I'll leave folks to discuss amongst yourselves, but I will say note that it's quite interesting that you're getting along best at the low end of the volume spectrum, choosing the exercises that are the hardest. Smile

-S

Sorry, yes shortened range of motion to focus on a particular muscle group. I think mentally and physically I get a lot more from increasing the leg press by 20kg per rotation rather than 5kg or a couple of reps on the leg extension.

I think it comes from a basis of doing DC where I can really apply myself to a single loading set. On tire II, if I squatted for example, I'd get 210kg (about 460lb) for 9 reps on the first set and then 6 reps on the second but I'd always feel like I'm holding something back. If I dropped the weight on the second set (to get a higher number of reps) I felt like I was always 'guessing' at the load (e.g. do I drop by 10% or 20%?) and would end up with variable increases in my log book each time the exercise cam round, so my first set might jump up by 1-2 reps where my second set might jump by 5-10kg and 1-2 reps.

I think the tenancy is the further up the tiers that I go the more 'fluffy' exercises I tend to add, as I don't know how anyone could keep adding compounds and recover, which seem to impair recovery rather than create any additional benefit. For example, on Tier III my loading sets just seem to come to a grinding halt in terms on weight or rep increases. Perhaps I'm just getting close to my max strength levels and the loads are just hammering me into the ground so 8-10 years ago tier III might have been ideal.


(01-07-2016, 07:02 AM)Altamir Wrote: I couldn't agree more with your structure of Tier I for legs. It's pretty much how I run it. I try and place all my hardest lifts for MR and pump for tier one, and use compound movements for my quad and hamstring lifts. But exercise selection or intensity techniques on pump sets can make a Tier I more difficult than an "easy" Tier II.

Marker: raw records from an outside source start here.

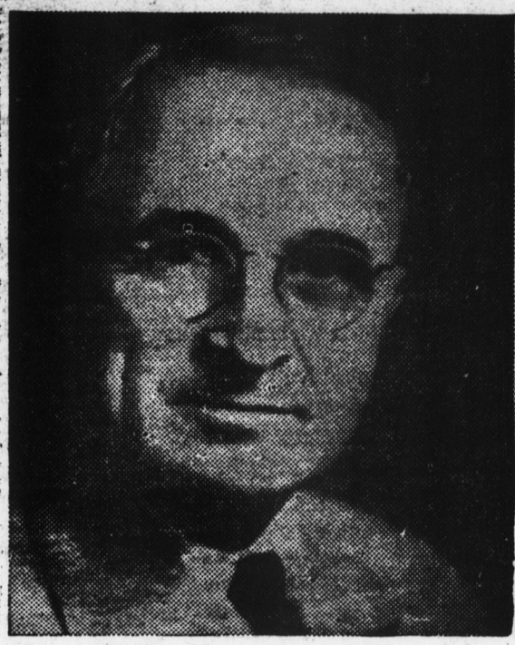
HARRY S. TRUMAN
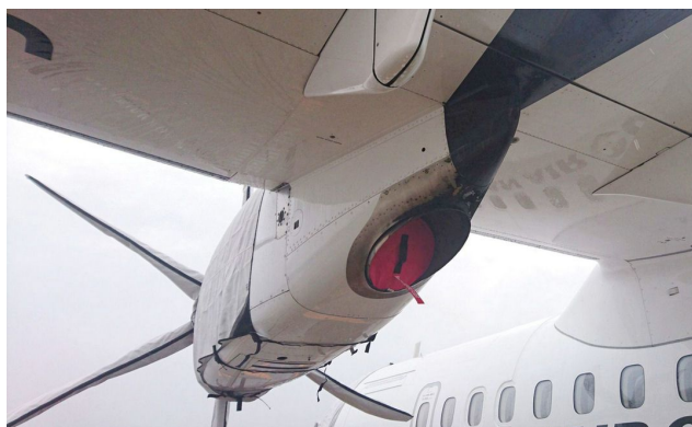
ATR-42/72 Exhaust Plugs
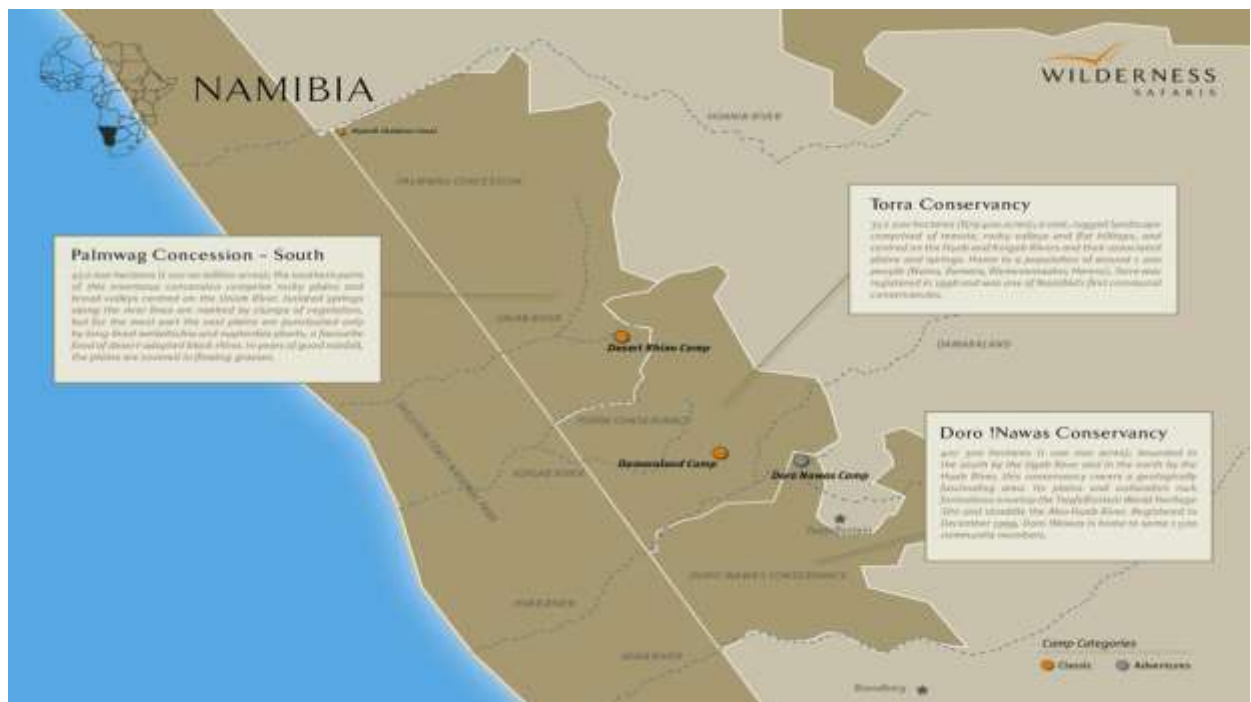
Figure 2: The location of Desert Rhino Camp in the Palmwag Concession
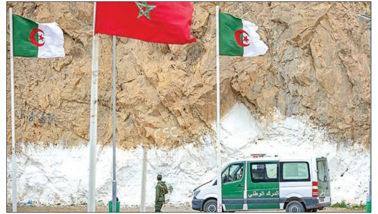
Closed since 1994, the border between Algeria and Morocco has been tightly sealed since 2013 ending visits between the many families that straddle the frontier.

The frontier has been sealed ever since, and there is little prospect of it opening soon as tensions mount once again between Rabat and Algiers.—AFP ■
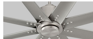
-24 Satin Nickel/Silver Blades

SPECIFICATIONS 8 ABS Blades / 56" Blade Sweep / 13° Blade-Pitch DC Motor: DC-165NM 4" and 6" downrod (Included) Optional downrods available for high ceilings 6 Speeds - Reversible with remote control 0.37A on high / 0.05A on low 28W on high / 3W on low 155 rpm on high / 50 rpm on low Handheld Remote Control (Included)
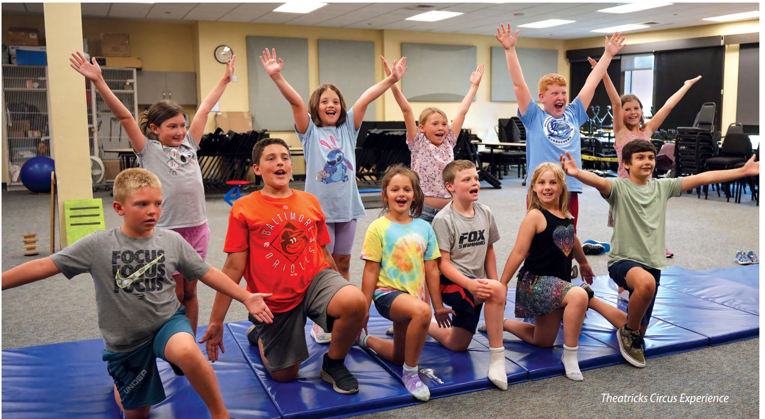
Theatricks Circus Experience
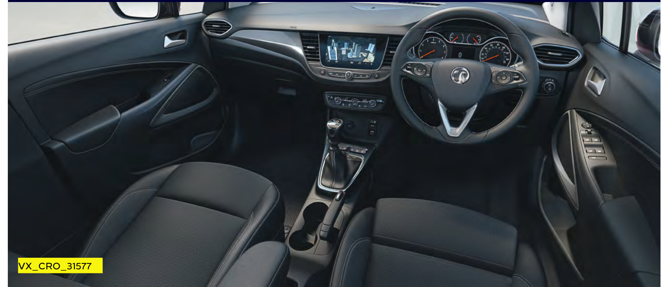
Elite/Elite Nav Models
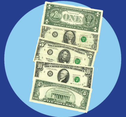
5. your money and possessions

You get to enjoy all these gifts while using them wisely for God's purposes.
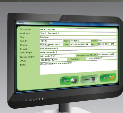
CUSTOMER AND SUPPLIER ARCHIVE
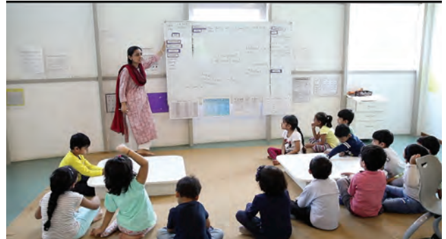
Learning to Learn, India, Interdisciplinary learning
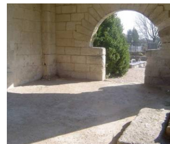
Cultural site inscribed in 1999

Site: Viticulture was introduced to this fertile region of Aquitaine by the Romans, and intensified in the Middle Ages. The Saint-Emilion area benefited from its location on the pilgrimage route to Santiago de Compostela and many churches, monasteries and hospices were built there from the 11 th century onwards. It was granted the special status of a 'jurisdiction' during the period of English rule in the 12 th century. It is an exceptional landscape devoted entirely to wine-growing, with many fine historic monuments in its towns and villages.
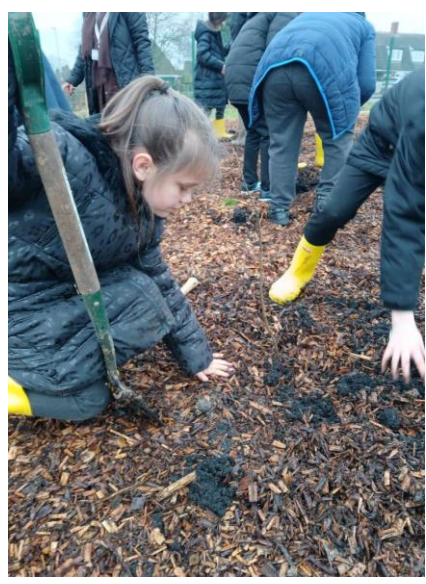
Planting Leicester's 30<sup>th</sup> Tiny Forest at Eyres Monsell Primary School

This is an important eBulletin with lots of things to sign up for, including FREE books and a fabulous tree art competition. We have lots of exciting events and training planned for the next few months so read on to find out more!
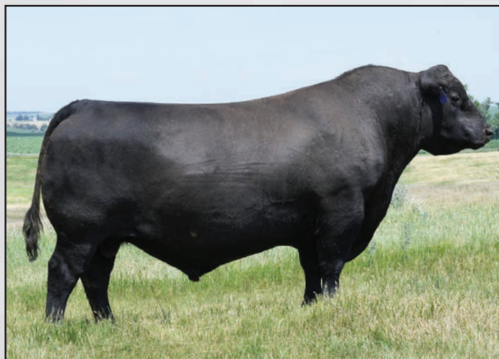
Ellingson Aquifer 9137, a maternal brother to Lot 363.

I personally like to do (and have seen good results even before starting FT) from doing sort of wave volume. Progressing from Tier I to Tier III. Most of my blasts go I,II,II,II,II,II,III and then cruise. Tier I is hard, but for me, doesn't feel like the work load is challenging enough. I can certainly put more effort into each set at Tier I. Tier II seems to be my "sweet spot" where I can recover but still progress, the volume and the work load is challenging, but not crushing. Tier III for me is one week only. By then end I'm ready to tap out.

I settled on this, and what lifts, just by playing around with stuff. Looking at what others are doing, Very often I'll take something I'd like to try as a MR, and make it a pump set first. If I like it there it'll graduate up to a MR. As to what type of pump sets, rep ranges, techniques. I just went by what got me the sorest / most pumped. and tried to follow trends. Legs like super high reps, back thickness likes lowerish reps with negatives. Chest pressing likes high reps, shoulders high reps. Just lots of playing around.

Yeah I've also found the same with the pump sets and have a tendency to lean towards certain types rep ranges. For legs I go very high reps (30-50) and then still add partials.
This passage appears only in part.